Jack Manning, executive director of the Beaver County Chamber of Commerce, said he isn’t surprised by the agreement because the company has gone “above and beyond” on several issues.

“Shell never said they wouldn’t do it. They said they were open to it but needed to study how to best do it,” Manning said. “They’re also one of several companies to come out in favor of the Paris (climate) accord and to support its environmental goals. It reinforces their commitment to the community and their commitment to the environment.”

Jim Fabisiak, an associate professor of environmental and occupation health at the University of Pittsburgh, said the move was a “good compromise and a good place to start.”

In April, Fabisiak called on Shell to implement fence-line monitoring at the site to increase accountability for its contribution to air pollution. During that presentation in Beaver, Fabisiak said one ethane cracker plant’s emissions are equivalent to 36,000 automobiles each traveling 12,000 miles a year. Or in simpler terms, it would represent a 25 percent increase in traffic across the region.

“We can always go further to protect health,” he said this week. “Shell is doing the right thing by stepping up and being a partner with the community when it comes to the community’s concerns about health and more than just with jobs.”

Marcia Lehman, a member of the Beaver County Marcellus Awareness Committee, said the agreement meets what residents were asking for, but would like to see Shell go above and beyond what the Environmental Protection Agency and state Department of Environmental Protection require. She cited a study published in the New England Journal of Medicine that questions EPA air pollution limits in terms of mortality and said that Shell and other energy companies should raise their standards even higher.

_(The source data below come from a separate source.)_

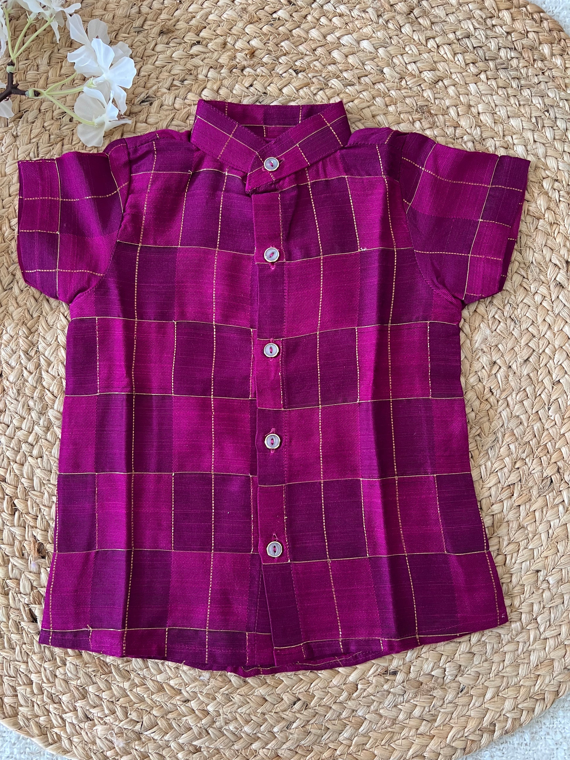 Let your little one’s feel comfortable in our silk cotton shirt and bloom in style in this dark pink shirt with checks and golden stripes.
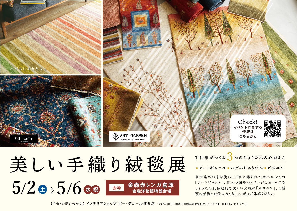 初開催!【金森赤レンガ倉庫】函館でアートギャッベ&ハグみじゅたん展 5/2(土)~5/6(水・祝)まで期間限定開催! | ギャッベ(ギャベ)&キリム専門 | アートギャッベ公式サイト
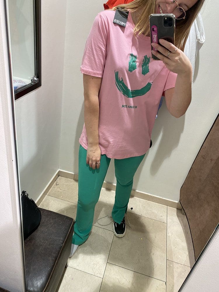 Ik had nog een cadeaubon van mijn schoonvader. Deze kon ik onder andere inleveren bij The Pieces. En daar zag ik deze leuke broek en een shirt. In het echt zijn de kleuren feller dan op de foto.
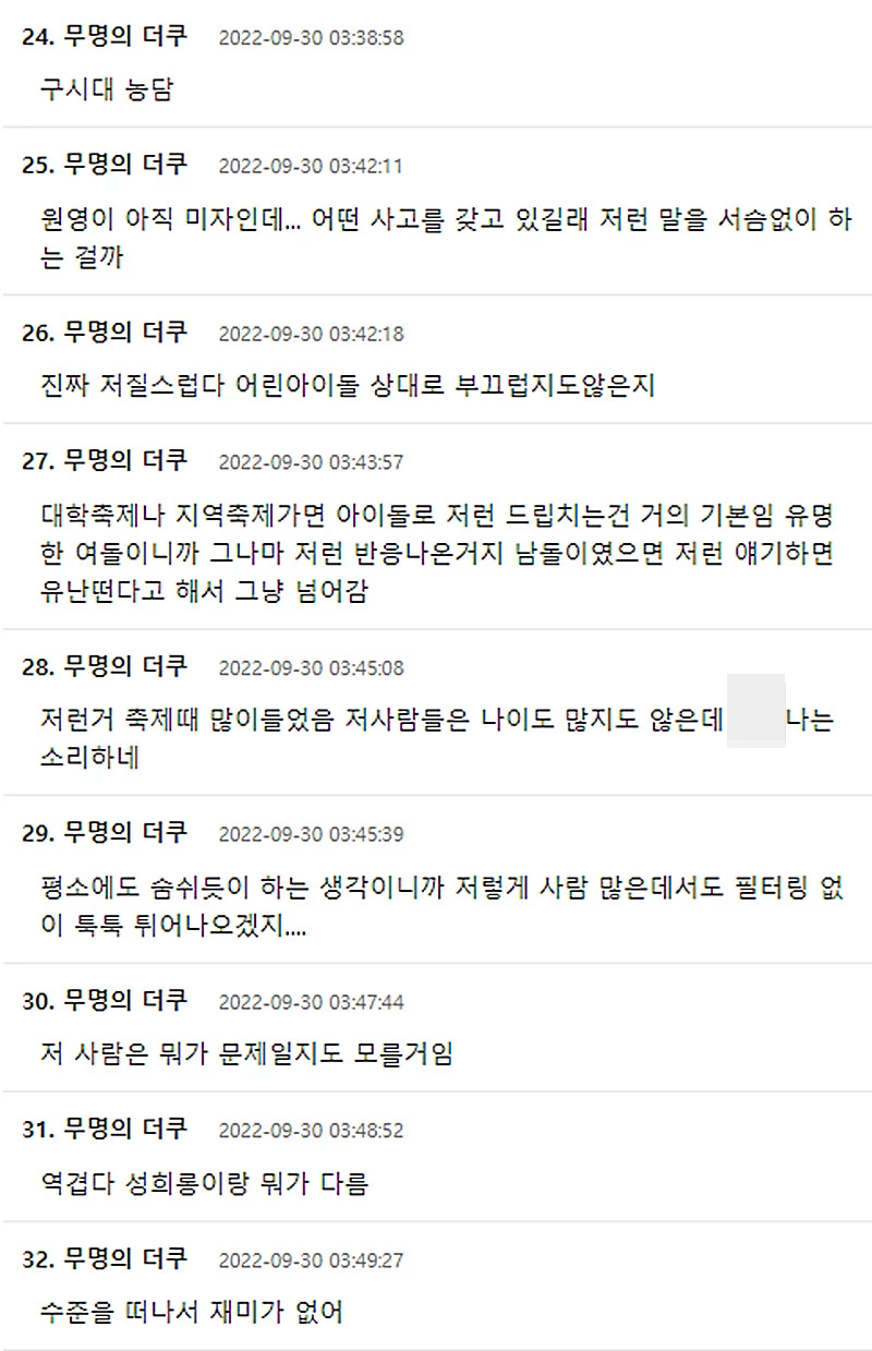 이를 접한 누리꾼들은 “미자한테 도대체 무슨 멘트를 하는 거냐”, “수준 봐라”, “도대체 무슨 생각 하면서 살면 저렇게 빻은 드립을 치냐”, “시대를 읽어라”, “원영이 아직 미자인데 어떤 사고를 하고 있길래 저런 말을 서슴없이 하는 걸까”, “대학 축제나 지역축제 가면 아이돌로 저런 드립 치는 건 거의 기본이다”, “역겹다.
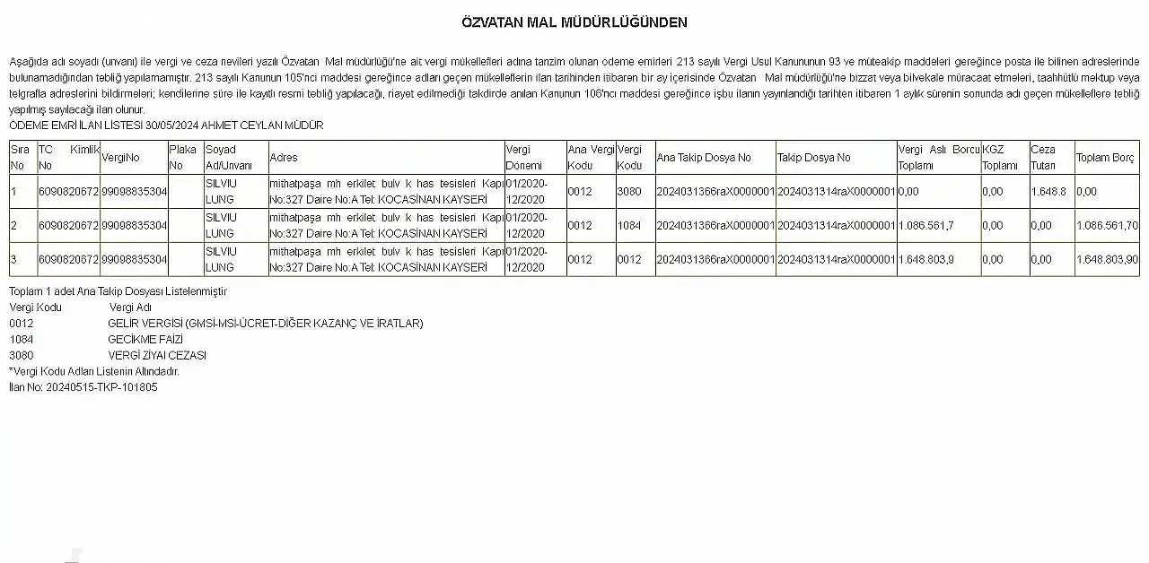 36 yaşındaki Romanyalı file bekçisi Lung hakkında vergi borcu nedeniyle Mal Müdürlüğü tarafından verilen ilanda şu ifadeler yer almıştı: Özvatan Mal Müdürlüğü'ne ait vergi mükellefleri adına tanzim olunan ödeme emirleri 213 sayılı Vergi Usul Kanununun 93 ve müteakip maddeleri gereğince posta ile bilinen adreslerinde bulunamadığından tebliğ yapılamamıştır. 213 sayılı Kanunun 105'nci maddesi gereğince adları geçen mükelleflerin ilan tarihinden itibaren bir ay içerisinde Özvatan Mal Müdürlüğü'ne bizzat veya bilvekale müracaat etmeleri, taahhütlü mektup veya telgrafla adreslerini bildirmeleri; kendilerine süre ile kayıtlı resmi tebliğ yapılacağı, riayet edilmediği takdirde anılan Kanunun 106'ncı maddesi gereğince işbu ilanın yayınlandığı tarihten itibaren 1 aylık sürenin sonunda adı geçen mükelleflere tebliğ yapılmış sayılacağı ilan olunur.
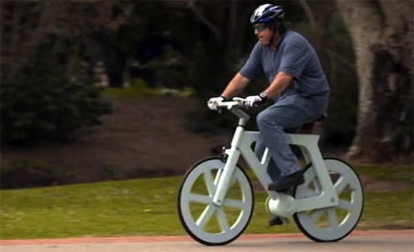 Lighter, faster, cheaper! Israeli, Izhar Gafni, has designed and will shortly begin mass producing a cardboard bicycle. The bike, including wheels, brakes and pedal bearings, is made entirely of recycled substances. Gafni expects the bike will retail for $20 and that materials will cost $9. For those worried about soggy cardboard, Gafni has tested the bike by immersing it in a water tank for months and it retained all of its hardened characteristics. (Reuters)
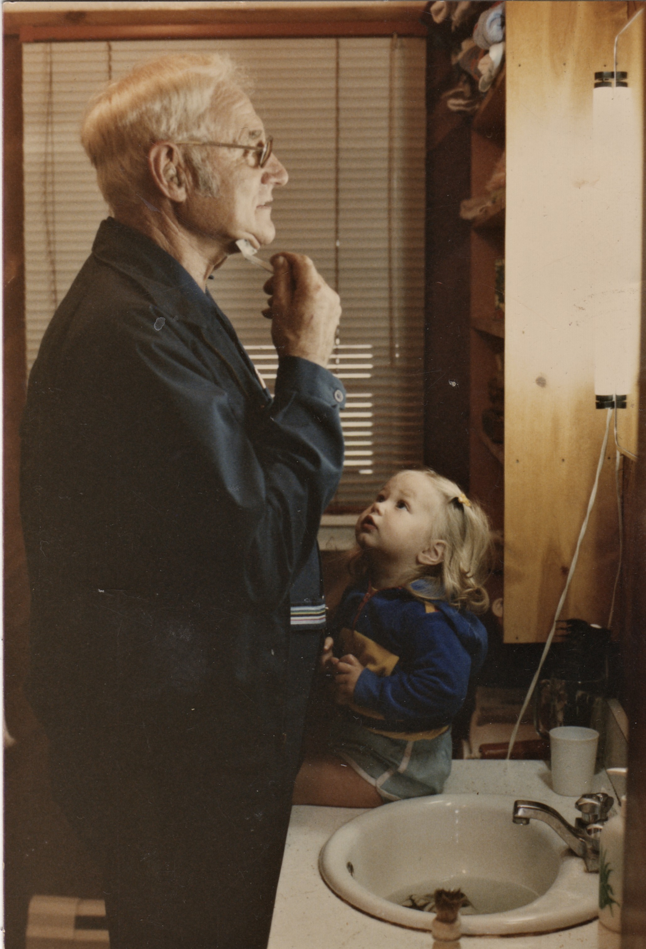 Meryl Roth watching Grampa [Ray] Roth shave. 1986

“If you’re a good neighbor, you need to go above and beyond what is required,” said Lehman, of Harmony Township. “The continuous monitoring system and extra safeguards around the flaring are absolutely essential. If other cracker plants come to the region, we’re going to have to fight air pollution. That’s when Shell becomes the paradigm for what we want in terms of air pollution controls.”

Lehman and Baumgardner said they want Shell to enact a citizen’s advisory committee to give residents a chance to weigh in on environmental concerns.

Minnitte did not comment on whether or not Shell would be open to their suggestion.